> [Work to be completed] Before writing anything, find the line that contains "Un dessert frais, coloré, bien", then retype the entries below exactly from their first line through that one, without pictures.

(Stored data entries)
* * *

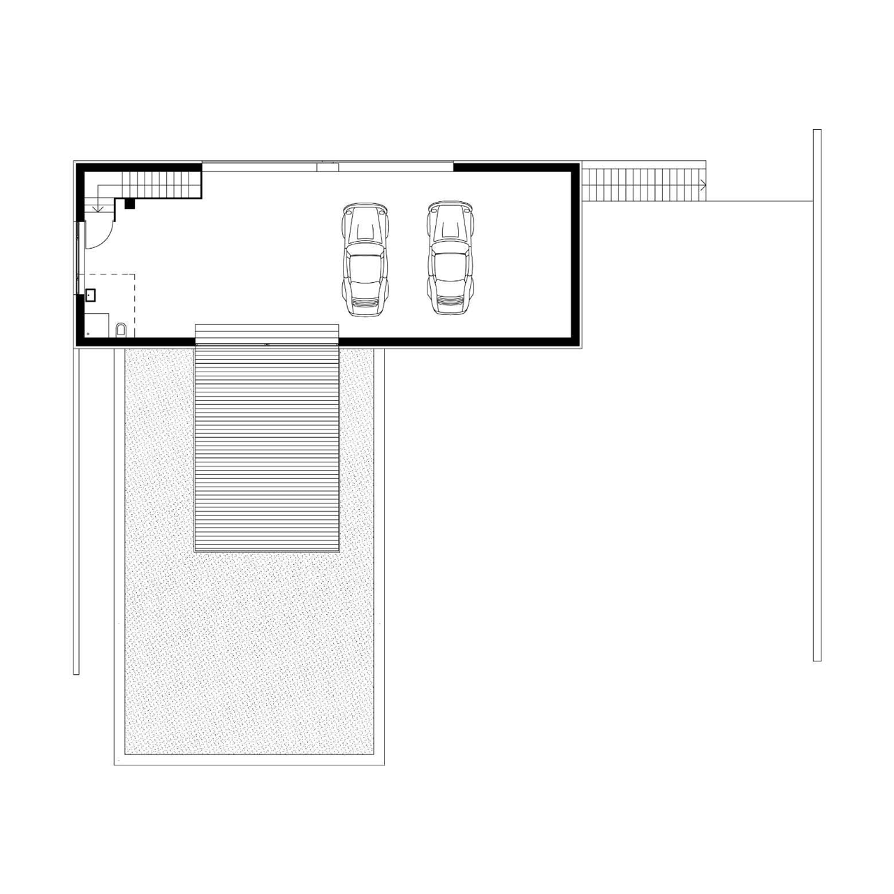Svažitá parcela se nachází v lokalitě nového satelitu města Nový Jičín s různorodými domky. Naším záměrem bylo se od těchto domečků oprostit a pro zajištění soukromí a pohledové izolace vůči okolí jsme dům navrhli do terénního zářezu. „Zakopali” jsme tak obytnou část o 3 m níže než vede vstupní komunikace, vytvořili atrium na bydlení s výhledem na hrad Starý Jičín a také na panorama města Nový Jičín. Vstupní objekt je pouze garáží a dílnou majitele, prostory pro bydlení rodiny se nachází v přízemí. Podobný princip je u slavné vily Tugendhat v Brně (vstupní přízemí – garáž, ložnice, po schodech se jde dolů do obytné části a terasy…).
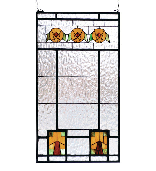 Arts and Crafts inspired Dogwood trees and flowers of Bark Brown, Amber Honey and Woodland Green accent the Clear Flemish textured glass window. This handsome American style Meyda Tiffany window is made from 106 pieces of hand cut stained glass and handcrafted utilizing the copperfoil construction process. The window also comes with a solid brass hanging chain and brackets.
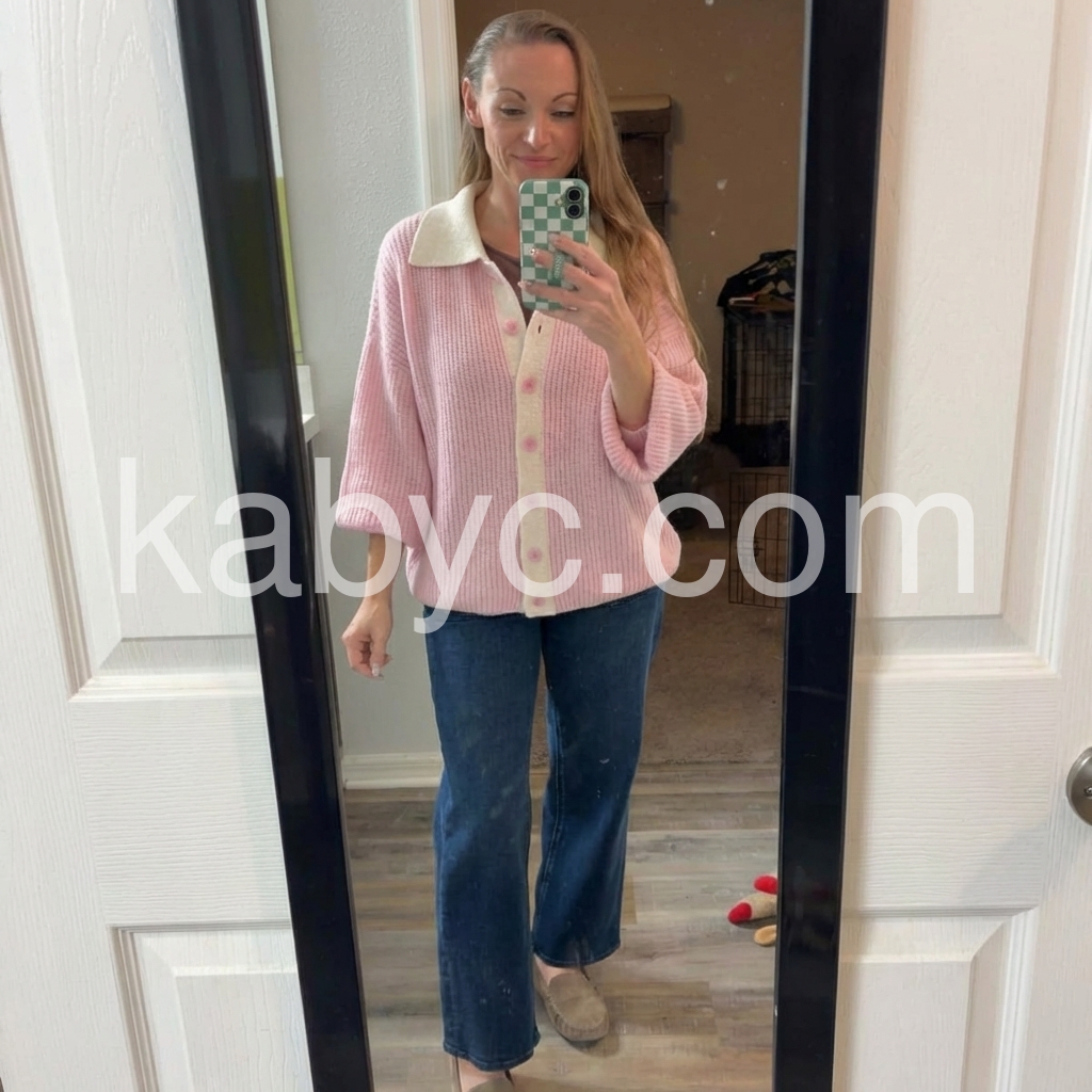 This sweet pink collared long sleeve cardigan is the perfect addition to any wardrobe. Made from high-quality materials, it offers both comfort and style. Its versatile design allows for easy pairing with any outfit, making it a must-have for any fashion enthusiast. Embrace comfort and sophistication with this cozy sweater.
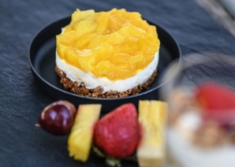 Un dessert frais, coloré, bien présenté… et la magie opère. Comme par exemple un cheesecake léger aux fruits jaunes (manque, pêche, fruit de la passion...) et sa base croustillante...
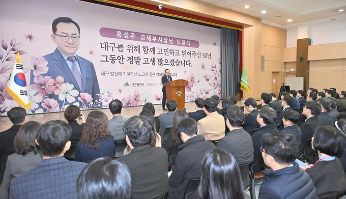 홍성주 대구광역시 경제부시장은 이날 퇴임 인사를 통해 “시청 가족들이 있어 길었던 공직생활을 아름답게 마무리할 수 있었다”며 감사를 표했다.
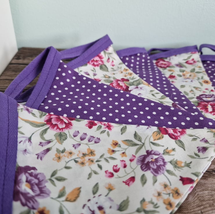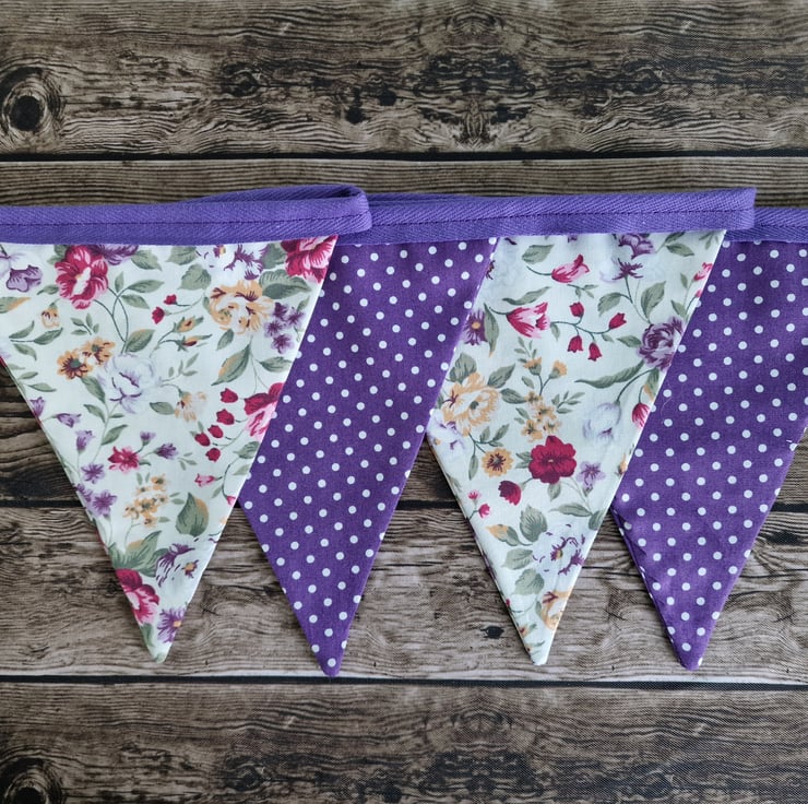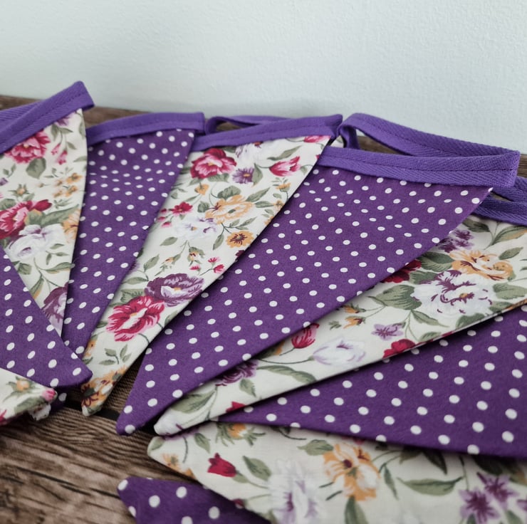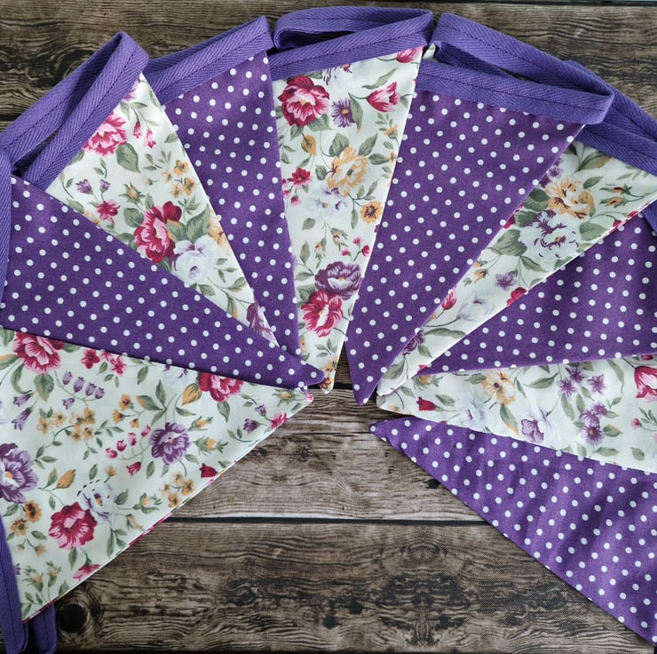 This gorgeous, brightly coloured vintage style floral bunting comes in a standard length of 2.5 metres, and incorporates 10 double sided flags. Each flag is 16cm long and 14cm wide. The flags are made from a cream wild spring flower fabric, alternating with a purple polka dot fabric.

* * *

> [Solution for this task]
Svažitá parcela se nachází v lokalitě nového satelitu města Nový Jičín s různorodými domky. Naším záměrem bylo se od těchto domečků oprostit a pro zajištění soukromí a pohledové izolace vůči okolí jsme dům navrhli do terénního zářezu. „Zakopali” jsme tak obytnou část o 3 m níže než vede vstupní komunikace, vytvořili atrium na bydlení s výhledem na hrad Starý Jičín a také na panorama města Nový Jičín. Vstupní objekt je pouze garáží a dílnou majitele, prostory pro bydlení rodiny se nachází v přízemí. Podobný princip je u slavné vily Tugendhat v Brně (vstupní přízemí – garáž, ložnice, po schodech se jde dolů do obytné části a terasy…).
 Arts and Crafts inspired Dogwood trees and flowers of Bark Brown, Amber Honey and Woodland Green accent the Clear Flemish textured glass window. This handsome American style Meyda Tiffany window is made from 106 pieces of hand cut stained glass and handcrafted utilizing the copperfoil construction process. The window also comes with a solid brass hanging chain and brackets.
 This sweet pink collared long sleeve cardigan is the perfect addition to any wardrobe. Made from high-quality materials, it offers both comfort and style. Its versatile design allows for easy pairing with any outfit, making it a must-have for any fashion enthusiast. Embrace comfort and sophistication with this cozy sweater.
 Un dessert frais, coloré, bien présenté… et la magie opère. Comme par exemple un cheesecake léger aux fruits jaunes (manque, pêche, fruit de la passion...) et sa base croustillante...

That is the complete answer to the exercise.